Ce mot Ampoule vient du latin Ampulla, qui signifie une bouteille qui a un cou long & étroit. C’étoit autrefois un vaisseau où on gardoit le vin servant à l’autel. C’étoit aussi celui où on gardoit l’huile, & le saint chrême pour les catéchumènes & les malades.

Ampoule, se dit aussi en physique de certaines petites bouteilles, ou enflures pleines de vent qui se font sur l’eau quand il pleut.

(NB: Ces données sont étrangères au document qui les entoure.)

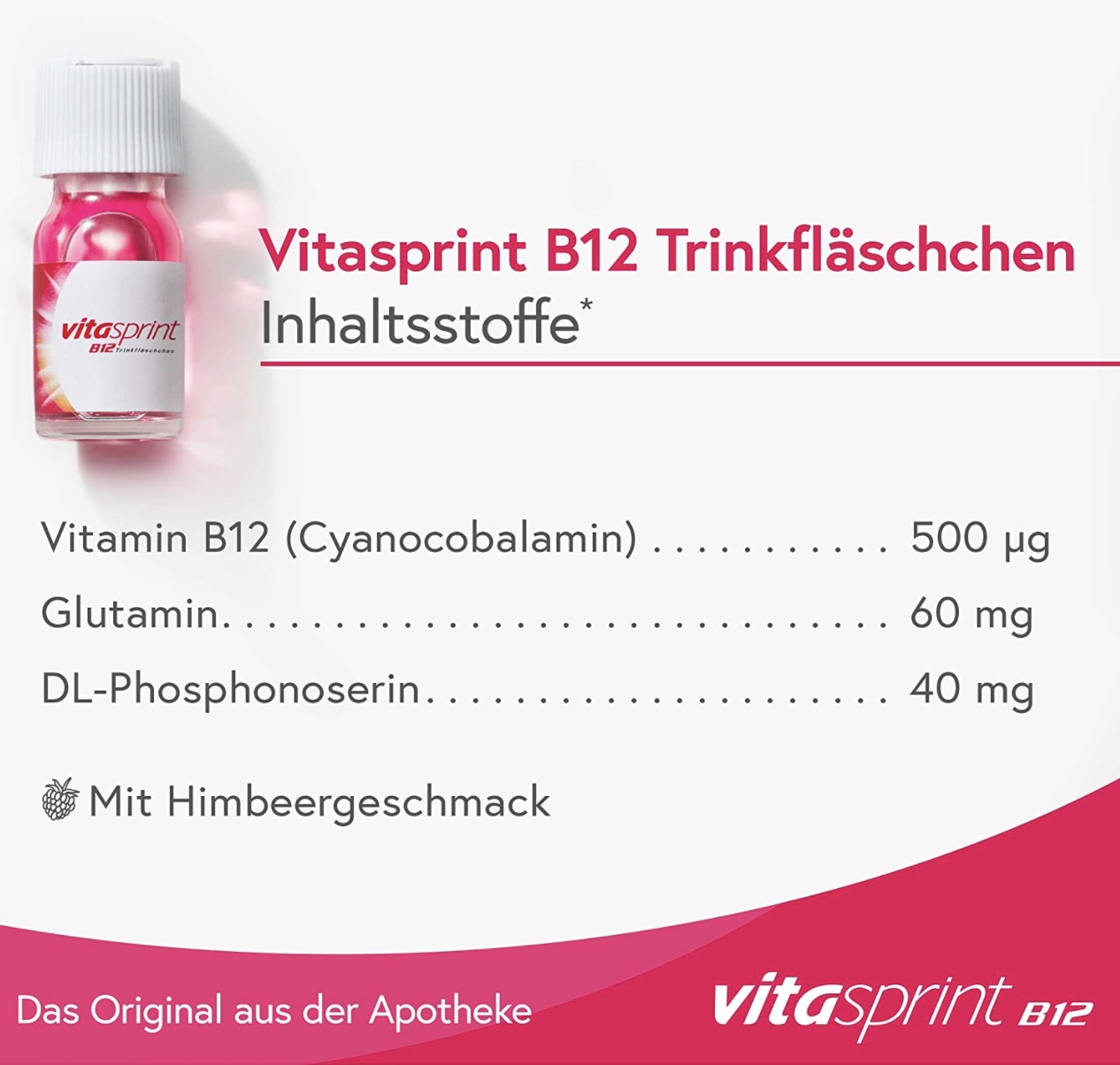 Vitasprint B12 Trinkfläschchen Wirkstoff: Cyanocobalamin (Vitamin B12), (RS)-2-Amino-3 (phosphonooxy) propansäure (DL-Phosphonoserin), Glutamin. Anwendungsgebiete: Traditionell angewendet zur Besserung des Allgemeinbefindens. Warnhinweis: Enthält Sorbitol. Freiverkäuflich. Stand: 12/2020. Zu Risiken und Nebenwirkungen lesen Sie die Packungsbeilage und fragen Sie Ihren Arzt oder Apotheker.

Bulla. Il s’en fait aussi dans toutes les autres liqueurs agitées ; & c’est ainsi que se forme l’écume, quand l’ébullition est bien petite.

Ampoule, se dit aussi de ces petites vessies, ou élévations qui se font sur la peau, & qui sont pleines d’eau, ou de pus. Tumor. Il lui est venu des ampoules par tout le corps.

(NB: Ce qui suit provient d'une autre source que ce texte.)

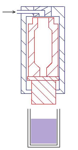 Hydraulic fluid is pumped into the Press Cylinder (Shown in Blue) forcing the Piston/Ram (shown in Red) down into another Cylinder (Shown in Black) that holds 10kg of a soft plastic. The soft plastic is then extruded through a die at the bottom of the cylinder.

AMPOULÉ, ÉE. adj. Qui se dit d’un discours enflé, & rempli de plusieurs grands mots & magnifiques. Tumidus, Inflatus. Des vers ampoulés. Un discours ampoulé. Un style ampoulé.

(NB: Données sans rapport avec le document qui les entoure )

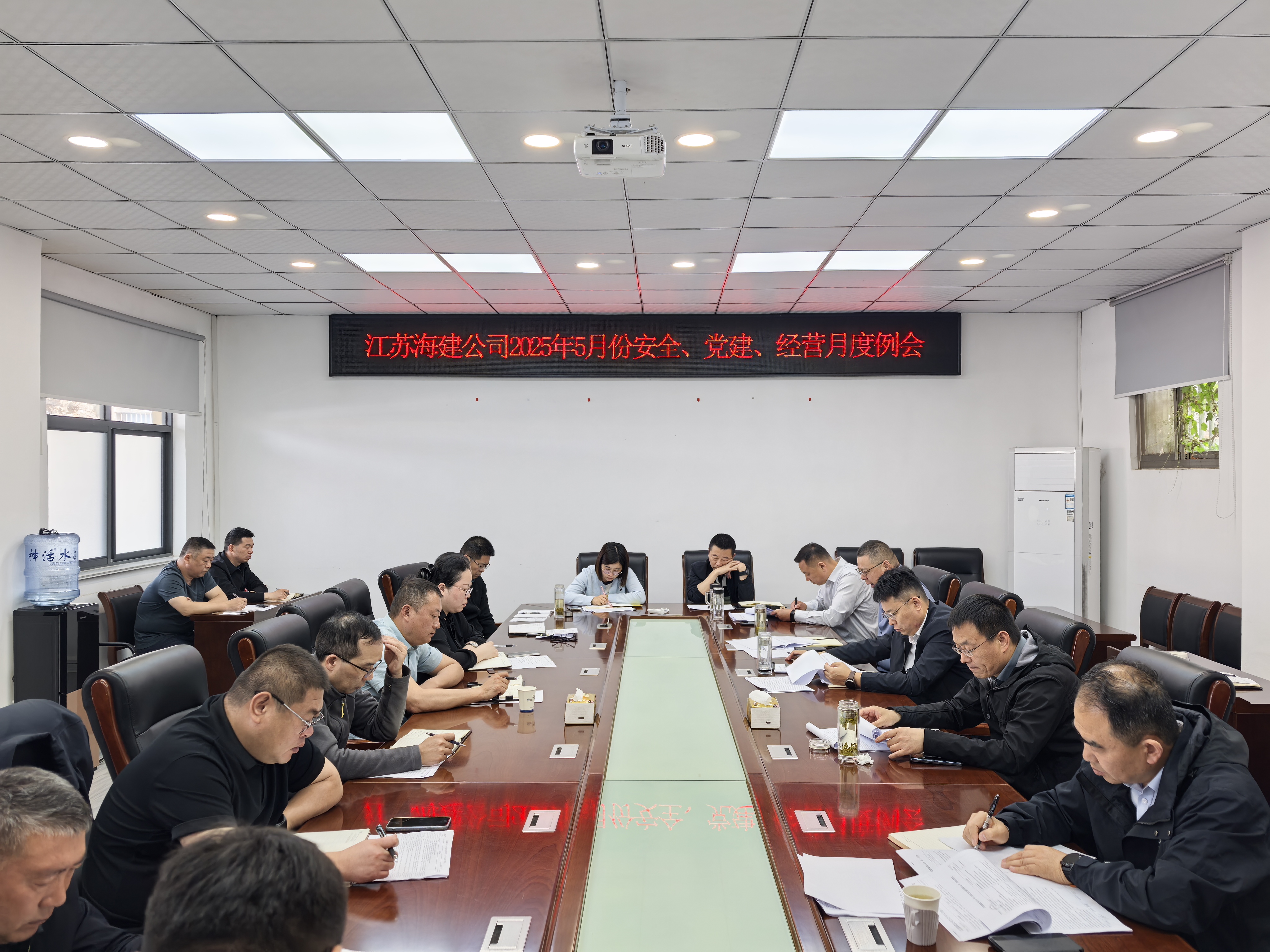5月6日,海建千亿官方站网站登录入口召开5月份安全、党建、经营月度例会,全面总结阶段工作成效,部署下一阶段重要任务。千亿官方站网站登录入口领导班子成员,各单位、各部门主要负责人共计20人参加会议,会议由总经理徐其翔主持。

AMPOULETTE. s. f. Terme badin, dont un Poëte s’est servi pour signifier une petite bouteille.

On ose outrer l’extravagance
Jusqu’à m’offrir au jour de l’an
Dix-huit Ampoulettes chétives,
Dont deux sont pleines de safran,
Et les autres d’eaux corrosives …

Ampoulette, terme d’Artillerie. C’est une cheville de bois, qui sert à fermer la lumière de la bombe. On l’enfonce dedans à grands coups de maillet. Cette cheville est percée tout du long, pour être remplie d’une composition lente ; & lorsqu’elle est remplie, on la nomme fusée. Cette ampoulette doit être de bois de tilleul, ou de bois d’aune bien sec.

Ampoulette, terme de Marine. Horloge à sable. L’Acad. suit cette orthographe. Voyez Empoulette.

AMPOURDAN, ou AMPURDAN, mais prononcez Ampourdan. Petit pays de la Catalogne, dont la capitale est Ampurias, de laquelle il a tiré son nom. Ampuriensis ager, ou Emporiensis, ou Emporitanus tractus. Dans l’usage, on dit le Lampourdan, du Lampourdan, par une corruption manifeste, qui du nom & de l’article en a fait un nouveau nom.

AMPUDIA. Ampudia. Ce fut autrefois une ville épiscopale : ce n’est aujourd’hui qu’un village du diocèse de Valence, dans le Royaume de Léon, en Espagne.

AMPUGNANA. Village de l’île de Corse. Ampuniana. Il est dans la partie orientale de l’île, entre Accia rouinana, & Mariana distrutta.

AMPURIAS. Empuriæ, Ampuriæ. Capitale du Lampourdan. On la nomme aussi Emporium, & c’est de là qu’est venu son nom, parce que c’est un port sur la Méditerranée, & que c’étoit un abord de marchands.

AMPUTATION. s. f. Terme de Chirurgie. Retranchement d’un membre qui se fait avec le fer. Amputatio. On ne peut guérir cette plaie ; il faut faire l’amputation du bras. En justice on punit comme une espèce de meurtre, les plaies faites par amputation de membres.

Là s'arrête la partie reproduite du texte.